Store too much data on too few disks and those disks quickly become performance bottlenecks for those applications. Store too little data on disks in order to meet application performance requirements and the costs associated with external storage quickly escalate.
It is for this reason that AST on networked storage arrays is garnering so much attention. The premise upon which AST is built is that it will automatically put the right data on the right tier of storage at the right time. This is done in such a way that both the performance and storage capacity of the storage system is optimized without resulting in a performance hit to the application or storage costs spiraling out of control.
In theory, this rationale sounds good but there are a few holes in this theory:
- Under what conditions should data be moved from one tier to another to optimize performance and/or storage capacity? Only when the application accesses the data frequently? What constitutes the definition of “frequently?” Should the system be moving data when other applications are accessing data?
- What constitutes the definition of “automated?” Does “automated” mean moving data at anytime? Just at night? Just when policies dictate data should be moved? If just moving data during “scheduled” or “preset” times,does that really meet the definition of “automated”?
- Will the overhead associated with moving data offset whatever benefits AST provides? Moving all of this data around incurs a performance penalty on the storage array as it is copied and written to other disks within the array. Further, as the array dedicates resources to monitoring and moving this data, does it pull resources away that are used to service the application writes.
So it was with some interest that I listened in on a NetApp conference call earlier this week where NetApp discussed its new Virtual Storage Tier that is intended to overcome some of AST’s challenges by doing the following:
- NetApp systems initially put data on the lowest tier of storage on the array. NetApp refers to this as the “physical tier” where it also applies other
features such as thin provisioning and deduplication to optimize
storage utilization. This lowest tier of storage can be FC, SAS or SATA drives, long term NetApp sees all companies adopting SATA as the initial resting place for all types of data as it is not finding a significant performance differential between higher speed FC/SAS drives and SATA drives,
This claim is consistent with what I am hearing else where. FC/SAS drives possibly provide a 10 – 15% performance gain over SATA though this may not be detectable except for high performance applications.
- As data is accessed from this physical tier, it is put into the Virtual Storage Tier. Data that is being accessed is by NetApp’s definition “active” and, as it is read, it is put into cache on the NetApp storage system. However rather than simply deleting that data from cache as it ages (a copy still remains on disk,) it destages this data onto PCIe attached flash. Then when future requests for that data come in, the NetApp system first checks to see if a copy of it resides on this PCIe attached flash before going to physical disk to get it.
So the benefits that this two-step approach that NetApp takes to AST are:
- Real-time data promotion of active data
- No need to wrangle with the definition of automated
- No extra overhead on the system to copy and manage the movement of data to different tiers of disk since the data has already been read and is now merely being destaged to SSD for faster access going forward
- The extra step that NetApp systems have to take to check to see if data is on SSD before going to physical disk to retrieve data should be miniscule from a performance aspect and more than offset by the increase in performance that SSD provides.

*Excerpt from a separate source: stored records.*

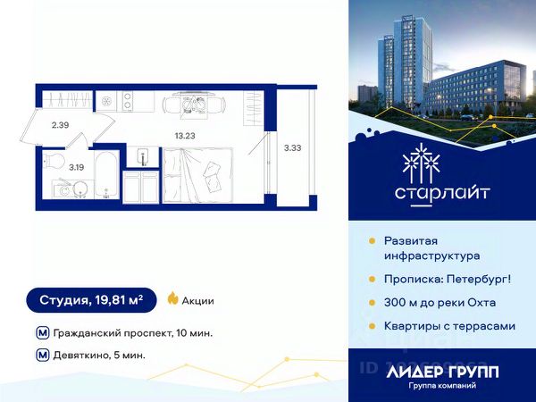 Продаётся Студия в ЖК Академик от застройщика Холдинг "РСТИ" (Росстройинвест).
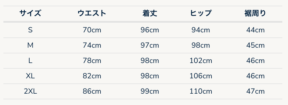 サイズ | ウエスト | 着丈 | ヒップ | 裾周り |
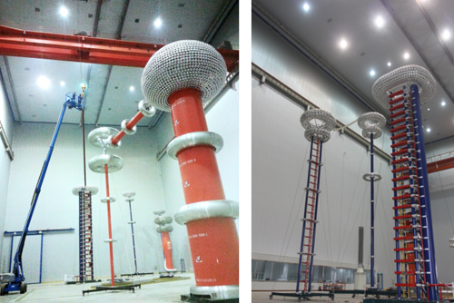 主要試驗(yàn)設(shè)備:1500kV工頻試驗(yàn)變壓器,1500V標(biāo)準(zhǔn)電容,4400kV沖擊電壓測(cè)量系統(tǒng),±2400kV直流高壓發(fā)生器,彎曲負(fù)荷試驗(yàn)裝置,50kA大電流試驗(yàn)裝置淋雨試驗(yàn)裝置,數(shù)字局部放電儀,精密高壓電容電橋等。
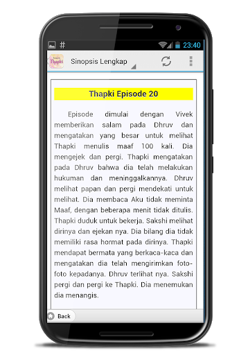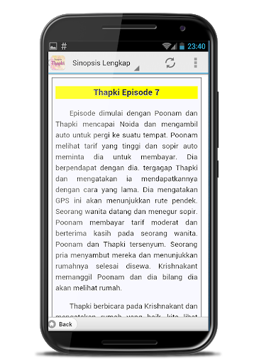 Nikmati rangkuman dalam bentuk teks dari seluruh serial Drama India Thapki dari Aplikasi ini. Mulai dari episode 1 sampai episode terakhir. Update setiap hari.
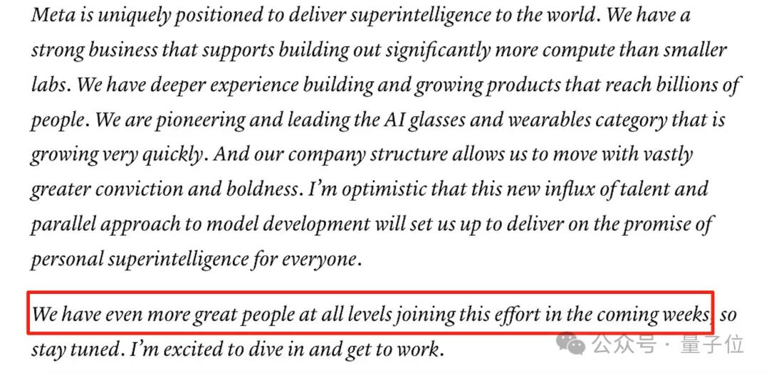 但MSL的成立似乎并不意味着“挖角行动”的收尾,因为小扎还说“团队还在组建过程中,未来几周还有更多人才会加入”……
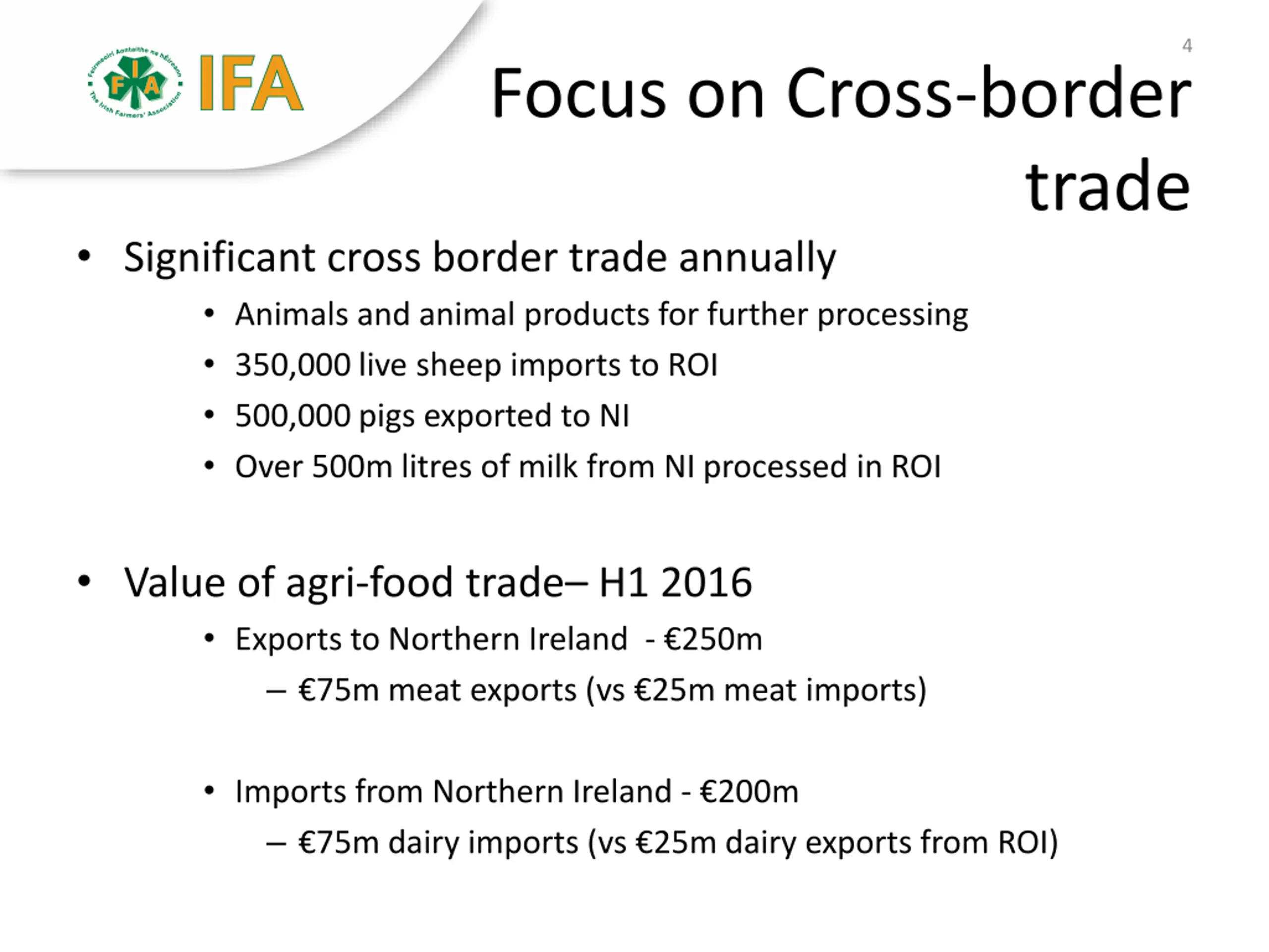 4 Focus on Cross-border trade Significant cross border trade annually Animals and animal products for further processing 350,000 live sheep imports to ROI 500,000 pigs exported to NI Over 500m litres of milk from NI processed in ROI Value of agri-food trade H1 2016 Exports to Northern Ireland - 250m 75m meat exports (vs 25m meat imports) Imports from Northern Ireland - 200m 75m dairy imports (vs 25m dairy exports from ROI)
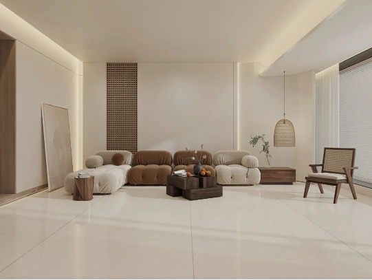 無論身處哪個(gè)季節(jié),暖色調(diào)瓷磚總能為家定下溫暖恬適的基調(diào)。塞納淺啡簡(jiǎn)潔明快的米色系搭配木質(zhì)家具元素,不僅組合出富有親和力的客廳空間,簡(jiǎn)約大氣的氛圍中還透露著悠閑自在的生活態(tài)度。
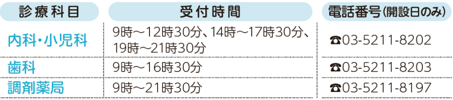 その他:会計の取り扱いは現金のみ。調剤薬局は、千代田保健所以外の薬局でも当番制で開設。詳しくはHPを参照
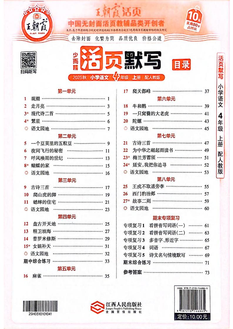 四(上)语文【25秋-黄冈小状元作业本(答案)】
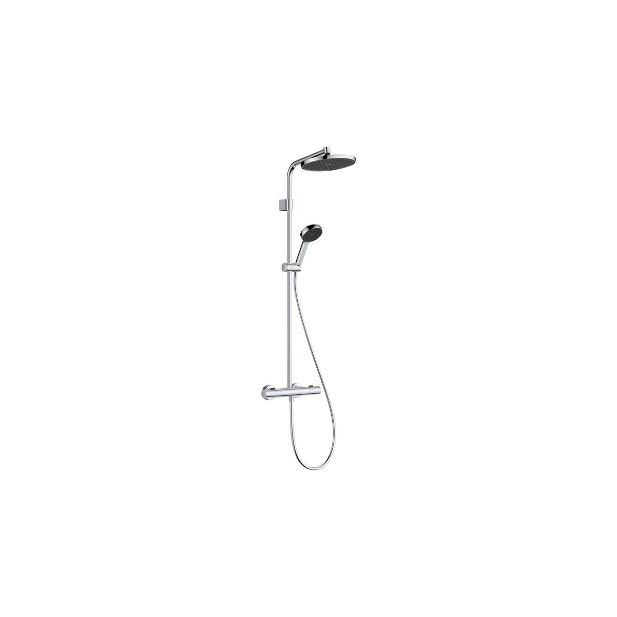 Hansgrohe Activera S 240 dušo sistema (28078000) – komplektinė dušo sistema su viršutiniu dušu (240 mm), rankiniu dušu, stovu, žarna ir termostatu Ecostat Fine Varia. EcoSmart technologija leidžia sumažinti vandens suvartojimą iki 8 l/min, tuo pačiu suteikiant komfortišką dušo patirtį. QuickClean+ silikoninės purkštukų technologijos dėka lengvai pašalinsite kalkių nuosėdas. Ergonomiškas stovas su reguliuojamu rankinio dušo aukščiu ir Select mygtuku leidžia patogiai valdyti srovę bei temperatūrą. Chromuotas paviršius yra atsparus drėgmei ir puikiai dera moderniame vonios kambaryje.
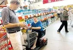 在沃尔玛等超市,各种方便残疾人购物的电动车就停在门口,方便需要的人使用;
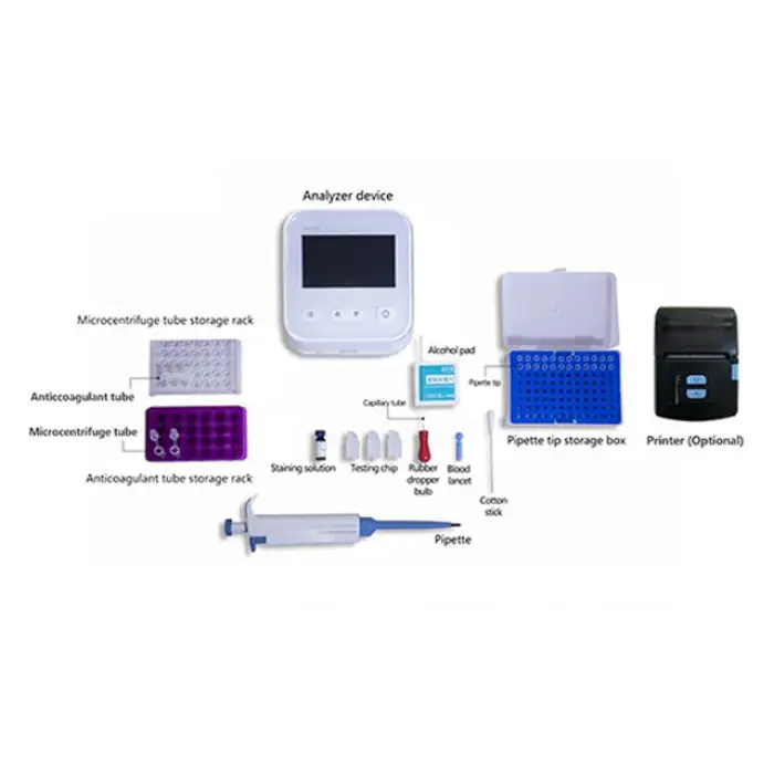 The analyzer requires consumables such as reagents, QC materials and possibly sample tubes or cartridges. Specific consumables and part numbers are listed by the manufacturer or supplier.
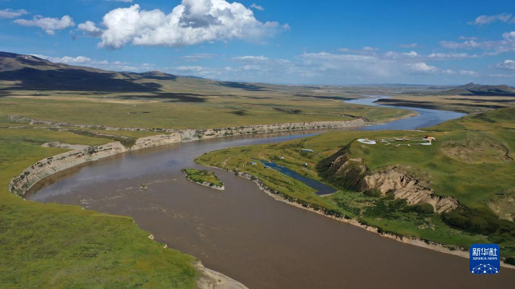 黃河流經(jīng)甘肅省甘南藏族自治州瑪曲縣境內(nèi)(2022年9月21日攝,無人機照片)。新華社記者 陳斌 攝
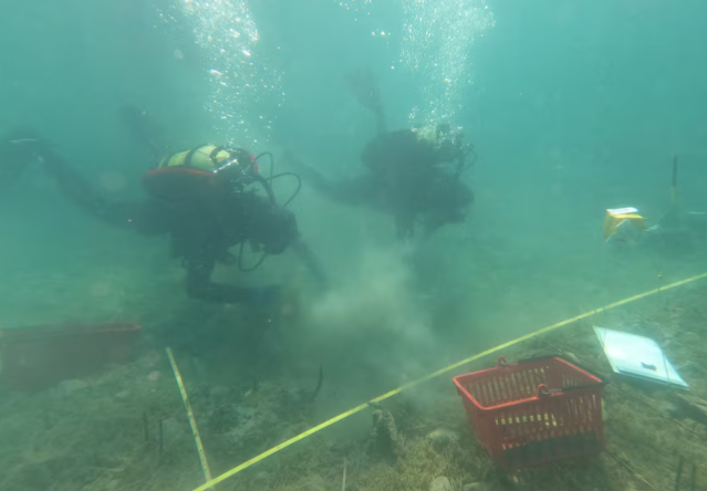 The team, from Switzerland and Albania, spends hours each day about three metres (9.8 feet) underwater, painstakingly retrieving wooden stilts that supported houses.
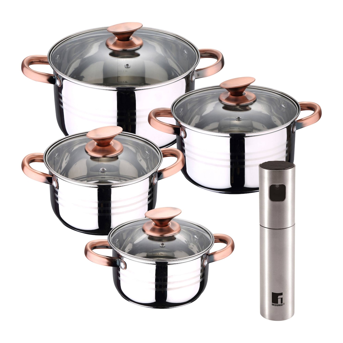BERGNER - NONA 8-teiliges Kochgeschirr-Set (16/18/20/24cm), geeignet für Induktionskochfelder, mit Öl-/Essigsprüher (Ø4x17,5cm), aus Edelstahl
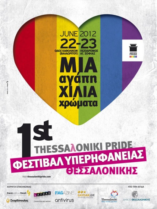 yunanistan’ın kuzeyindeki ilk onur yürüyüşü “biricik aşk, binlerce renk” sloganıyla gerçekleşecek. selanik belediyesi işbirliği ile gerçekleştirilecek olan festival, dj’ler ve yerel lgbt topluluğunun katılımı ile katholikon caddesinde bir müzik organizasyonu ile 22 haziran’da başlayacak. aya..
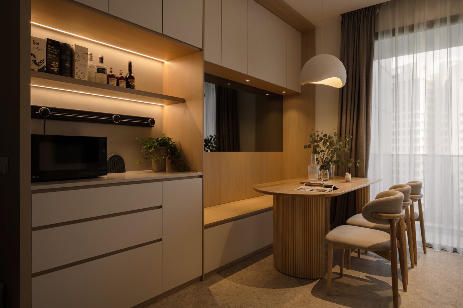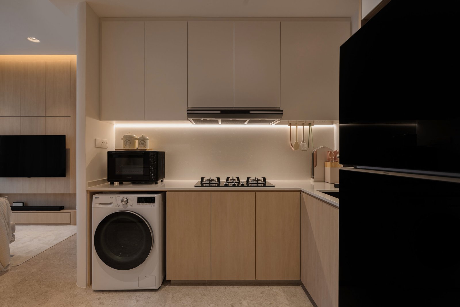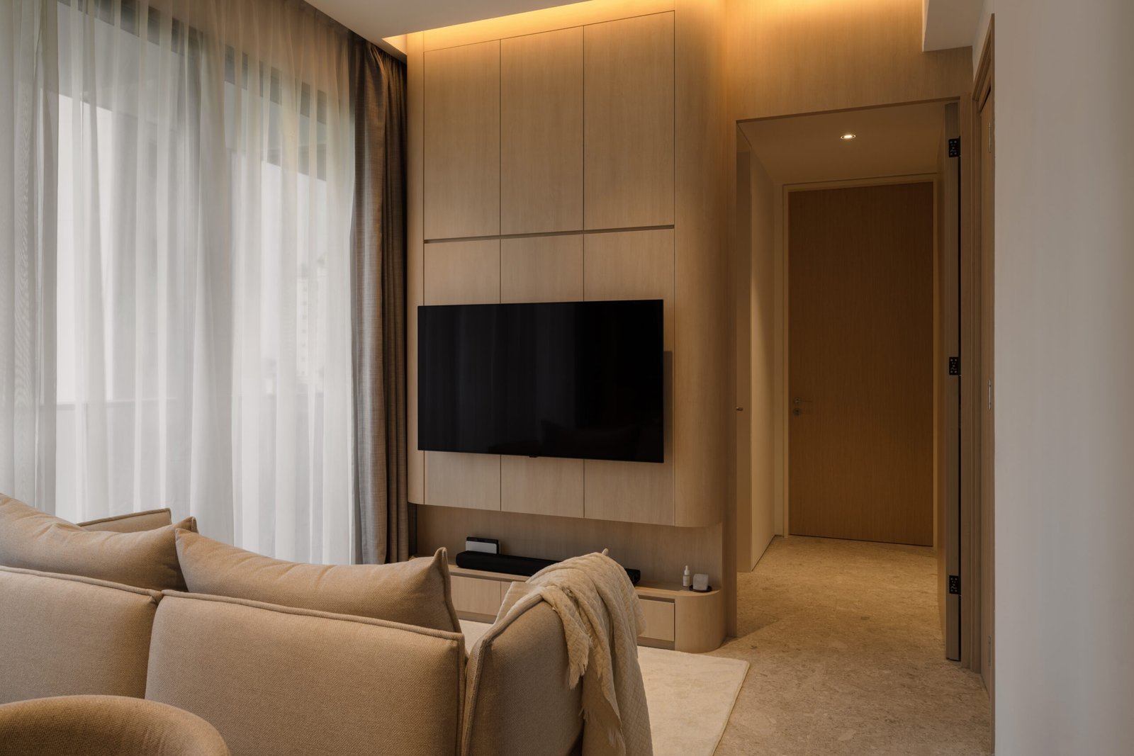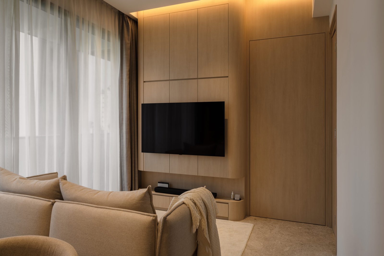 Storage was a key priority, but instead of bulky cabinetry, the design hides it in plain sight. A TV feature wall finished in light wood laminate doubles as sleek storage, while a concealed doorway within it leads to the private quarters. Rounded carpentry edges and seamless finishes keep the look refined, with every line contributing to a sense of flow.
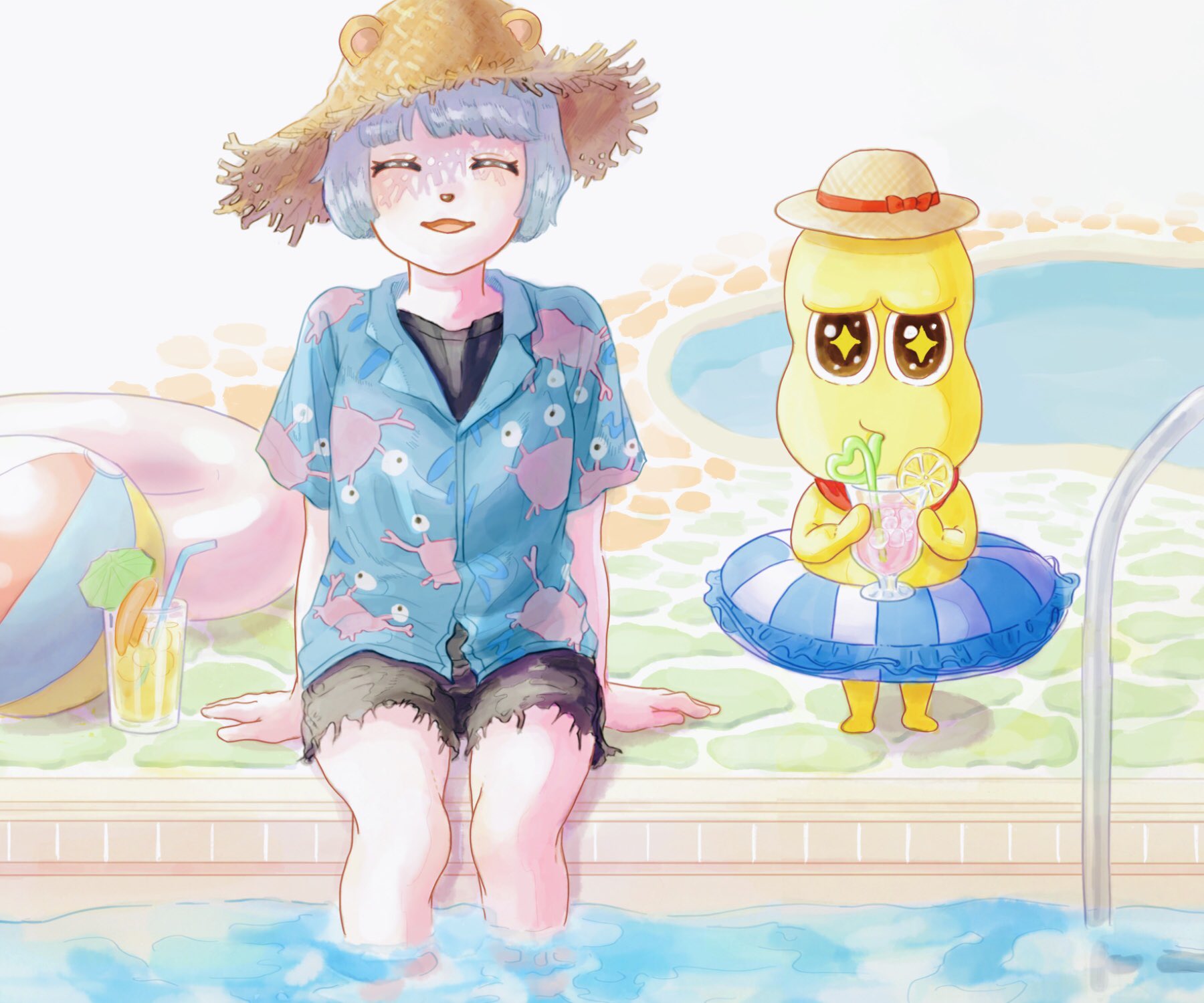 夏も終わりだけどプール!✨ #ぽこあーと #オシャレになりたいピーナッツくん

So in looking at this approach to AST that NetApp is introducing, is it really the best way to implement AST? On the surface, it appears to eliminate many of the concerns that exist now about AST while delivering on many of AST’s promised benefits. For instance, it eliminates the copy-and-write penalty, it gets active data on the fastest tier of disk and it takes advantage of existing techniques that storage arrays use to access, store and manage data under its control.
But to say that NetApp’s implementation of AST with its Virtual Store Tier technology is “the best” form of AST is still a difficult case to make. In this design, NetApp starts with the assumption that all data should be written to physical disk first and then only moved to SSD after it is accessed.
The problem with this approach, at least in NetApp’s case, is that NetApp does not write data across all disk drives in its systems as some storage systems like HP 3PAR does. Instead it just writes data to a single RAID group.
So how much does this matter? It will really depend on the type of application workloads on NetApp systems. For instance, I can see NetApp’s Virtual Storage Tier making a lot of sense in virtual desktop infrastructure (VDI) environments where desktop images are very similar and caching a set of deduplicated data in SSD can dramatically accelerate performance for all virtual desktops.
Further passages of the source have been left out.